About this exercise
Skip the pictures. Transcribe the rest of the data below without changing a word.

Data section

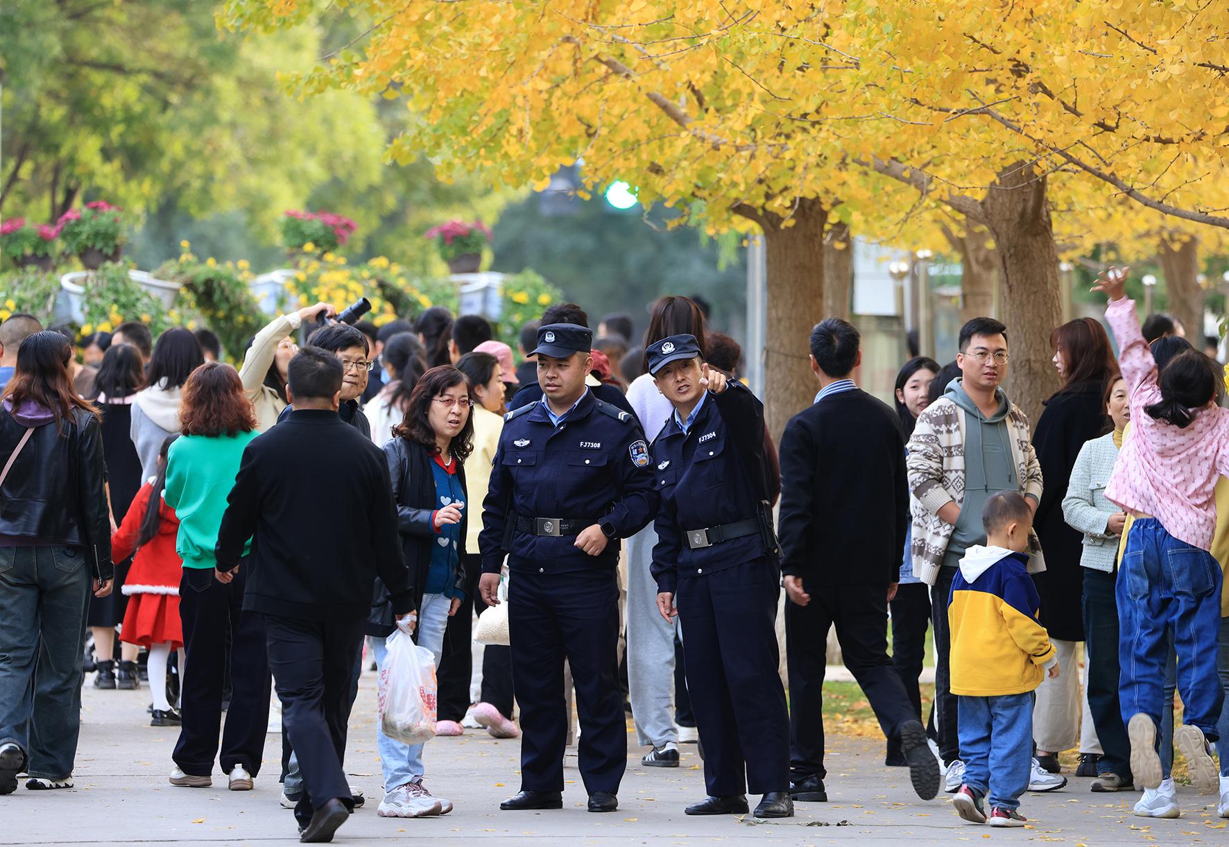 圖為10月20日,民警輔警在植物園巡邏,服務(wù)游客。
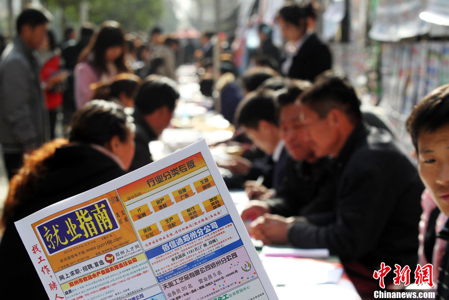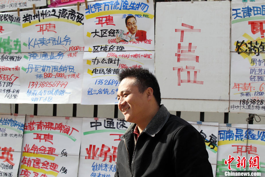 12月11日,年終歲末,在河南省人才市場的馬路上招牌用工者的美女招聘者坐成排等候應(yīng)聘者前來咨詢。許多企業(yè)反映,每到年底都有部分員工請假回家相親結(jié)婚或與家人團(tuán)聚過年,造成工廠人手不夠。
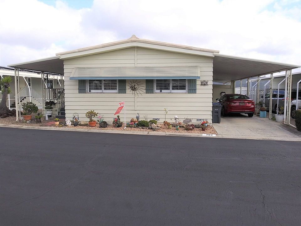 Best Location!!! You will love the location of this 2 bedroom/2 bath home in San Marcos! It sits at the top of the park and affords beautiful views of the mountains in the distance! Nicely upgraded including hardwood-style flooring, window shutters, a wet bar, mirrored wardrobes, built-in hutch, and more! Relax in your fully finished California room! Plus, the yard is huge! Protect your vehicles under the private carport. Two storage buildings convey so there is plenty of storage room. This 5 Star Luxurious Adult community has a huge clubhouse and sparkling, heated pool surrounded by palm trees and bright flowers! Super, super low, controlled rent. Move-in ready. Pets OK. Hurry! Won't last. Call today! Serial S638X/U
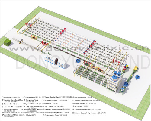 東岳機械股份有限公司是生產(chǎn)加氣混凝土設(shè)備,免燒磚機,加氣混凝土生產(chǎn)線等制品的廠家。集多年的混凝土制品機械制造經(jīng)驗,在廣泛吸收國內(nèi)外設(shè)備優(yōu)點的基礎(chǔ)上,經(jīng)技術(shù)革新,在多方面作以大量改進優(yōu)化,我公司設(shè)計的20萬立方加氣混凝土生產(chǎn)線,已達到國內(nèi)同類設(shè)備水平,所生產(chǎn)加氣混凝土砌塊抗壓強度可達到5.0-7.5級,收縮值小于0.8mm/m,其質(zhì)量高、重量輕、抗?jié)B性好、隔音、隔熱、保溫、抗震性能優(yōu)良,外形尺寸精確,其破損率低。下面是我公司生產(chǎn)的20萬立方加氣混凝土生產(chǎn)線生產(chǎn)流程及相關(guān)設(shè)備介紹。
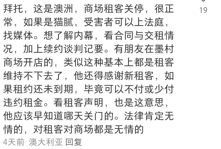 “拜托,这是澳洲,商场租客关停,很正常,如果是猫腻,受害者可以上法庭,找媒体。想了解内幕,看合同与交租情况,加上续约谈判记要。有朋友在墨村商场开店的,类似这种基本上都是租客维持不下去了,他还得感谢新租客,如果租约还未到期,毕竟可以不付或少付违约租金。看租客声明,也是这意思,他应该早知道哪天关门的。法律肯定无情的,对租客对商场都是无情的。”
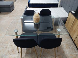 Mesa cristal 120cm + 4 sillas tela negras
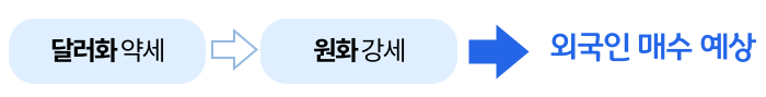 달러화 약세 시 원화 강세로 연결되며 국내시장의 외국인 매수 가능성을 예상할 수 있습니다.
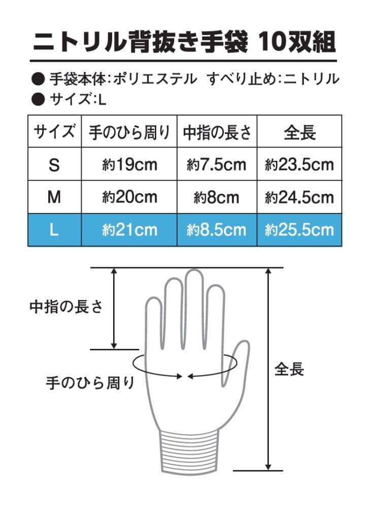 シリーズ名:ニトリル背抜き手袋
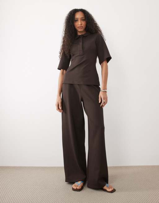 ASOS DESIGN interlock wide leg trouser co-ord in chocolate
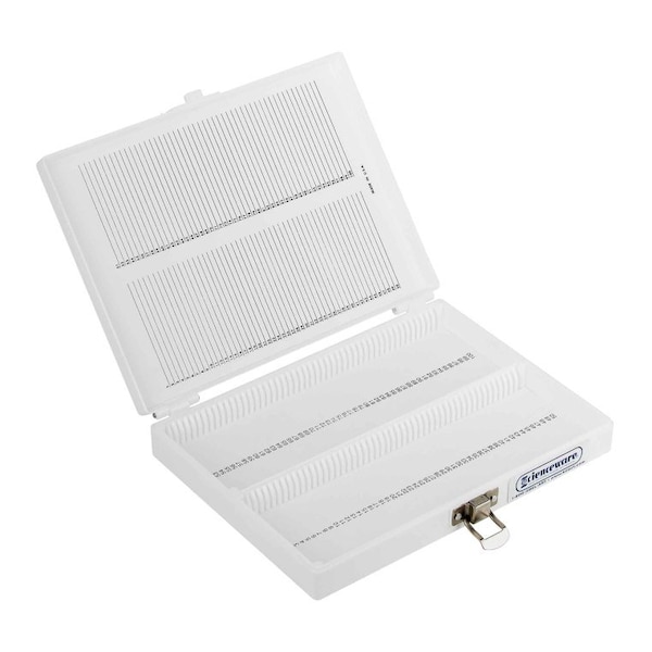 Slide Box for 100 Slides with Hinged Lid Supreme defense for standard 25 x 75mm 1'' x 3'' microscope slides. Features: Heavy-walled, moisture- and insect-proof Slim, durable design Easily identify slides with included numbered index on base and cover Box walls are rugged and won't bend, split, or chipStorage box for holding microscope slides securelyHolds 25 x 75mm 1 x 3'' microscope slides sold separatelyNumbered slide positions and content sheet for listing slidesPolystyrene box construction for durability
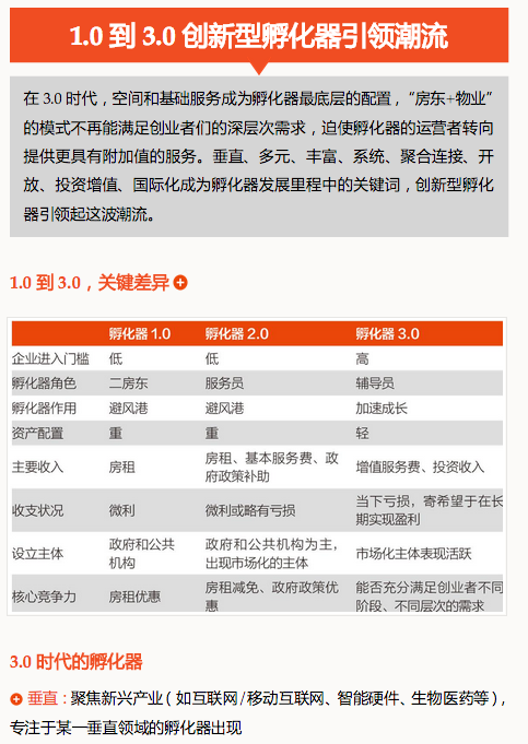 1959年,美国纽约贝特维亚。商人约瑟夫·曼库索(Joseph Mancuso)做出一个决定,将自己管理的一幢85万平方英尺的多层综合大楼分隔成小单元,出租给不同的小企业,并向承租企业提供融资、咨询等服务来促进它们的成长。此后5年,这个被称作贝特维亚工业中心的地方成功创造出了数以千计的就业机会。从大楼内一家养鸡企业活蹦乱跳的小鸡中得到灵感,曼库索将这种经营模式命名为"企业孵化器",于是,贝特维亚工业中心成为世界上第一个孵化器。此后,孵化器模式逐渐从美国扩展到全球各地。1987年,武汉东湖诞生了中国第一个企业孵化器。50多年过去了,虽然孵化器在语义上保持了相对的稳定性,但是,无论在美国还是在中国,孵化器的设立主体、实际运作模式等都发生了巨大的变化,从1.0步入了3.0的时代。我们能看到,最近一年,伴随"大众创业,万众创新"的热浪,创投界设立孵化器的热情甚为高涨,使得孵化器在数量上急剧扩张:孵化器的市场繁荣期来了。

Written answer
 圖為10月20日,民警輔警在植物園巡邏,服務(wù)游客。
 12月11日,年終歲末,在河南省人才市場的馬路上招牌用工者的美女招聘者坐成排等候應(yīng)聘者前來咨詢。許多企業(yè)反映,每到年底都有部分員工請假回家相親結(jié)婚或與家人團(tuán)聚過年,造成工廠人手不夠。
 Best Location!!! You will love the location of this 2 bedroom/2 bath home in San Marcos! It sits at the top of the park and affords beautiful views of the mountains in the distance! Nicely upgraded including hardwood-style flooring, window shutters, a wet bar, mirrored wardrobes, built-in hutch, and more! Relax in your fully finished California room! Plus, the yard is huge! Protect your vehicles under the private carport. Two storage buildings convey so there is plenty of storage room. This 5 Star Luxurious Adult community has a huge clubhouse and sparkling, heated pool surrounded by palm trees and bright flowers! Super, super low, controlled rent. Move-in ready. Pets OK. Hurry! Won't last. Call today! Serial S638X/U
 東岳機械股份有限公司是生產(chǎn)加氣混凝土設(shè)備,免燒磚機,加氣混凝土生產(chǎn)線等制品的廠家。集多年的混凝土制品機械制造經(jīng)驗,在廣泛吸收國內(nèi)外設(shè)備優(yōu)點的基礎(chǔ)上,經(jīng)技術(shù)革新,在多方面作以大量改進優(yōu)化,我公司設(shè)計的20萬立方加氣混凝土生產(chǎn)線,已達到國內(nèi)同類設(shè)備水平,所生產(chǎn)加氣混凝土砌塊抗壓強度可達到5.0-7.5級,收縮值小于0.8mm/m,其質(zhì)量高、重量輕、抗?jié)B性好、隔音、隔熱、保溫、抗震性能優(yōu)良,外形尺寸精確,其破損率低。下面是我公司生產(chǎn)的20萬立方加氣混凝土生產(chǎn)線生產(chǎn)流程及相關(guān)設(shè)備介紹。
 “拜托,这是澳洲,商场租客关停,很正常,如果是猫腻,受害者可以上法庭,找媒体。想了解内幕,看合同与交租情况,加上续约谈判记要。有朋友在墨村商场开店的,类似这种基本上都是租客维持不下去了,他还得感谢新租客,如果租约还未到期,毕竟可以不付或少付违约租金。看租客声明,也是这意思,他应该早知道哪天关门的。法律肯定无情的,对租客对商场都是无情的。”
 Mesa cristal 120cm + 4 sillas tela negras
 달러화 약세 시 원화 강세로 연결되며 국내시장의 외국인 매수 가능성을 예상할 수 있습니다.
 シリーズ名:ニトリル背抜き手袋
 ASOS DESIGN interlock wide leg trouser co-ord in chocolate
 Slide Box for 100 Slides with Hinged Lid Supreme defense for standard 25 x 75mm 1'' x 3'' microscope slides. Features: Heavy-walled, moisture- and insect-proof Slim, durable design Easily identify slides with included numbered index on base and cover Box walls are rugged and won't bend, split, or chipStorage box for holding microscope slides securelyHolds 25 x 75mm 1 x 3'' microscope slides sold separatelyNumbered slide positions and content sheet for listing slidesPolystyrene box construction for durability
 1959年,美国纽约贝特维亚。商人约瑟夫·曼库索(Joseph Mancuso)做出一个决定,将自己管理的一幢85万平方英尺的多层综合大楼分隔成小单元,出租给不同的小企业,并向承租企业提供融资、咨询等服务来促进它们的成长。此后5年,这个被称作贝特维亚工业中心的地方成功创造出了数以千计的就业机会。从大楼内一家养鸡企业活蹦乱跳的小鸡中得到灵感,曼库索将这种经营模式命名为"企业孵化器",于是,贝特维亚工业中心成为世界上第一个孵化器。此后,孵化器模式逐渐从美国扩展到全球各地。1987年,武汉东湖诞生了中国第一个企业孵化器。50多年过去了,虽然孵化器在语义上保持了相对的稳定性,但是,无论在美国还是在中国,孵化器的设立主体、实际运作模式等都发生了巨大的变化,从1.0步入了3.0的时代。我们能看到,最近一年,伴随"大众创业,万众创新"的热浪,创投界设立孵化器的热情甚为高涨,使得孵化器在数量上急剧扩张:孵化器的市场繁荣期来了。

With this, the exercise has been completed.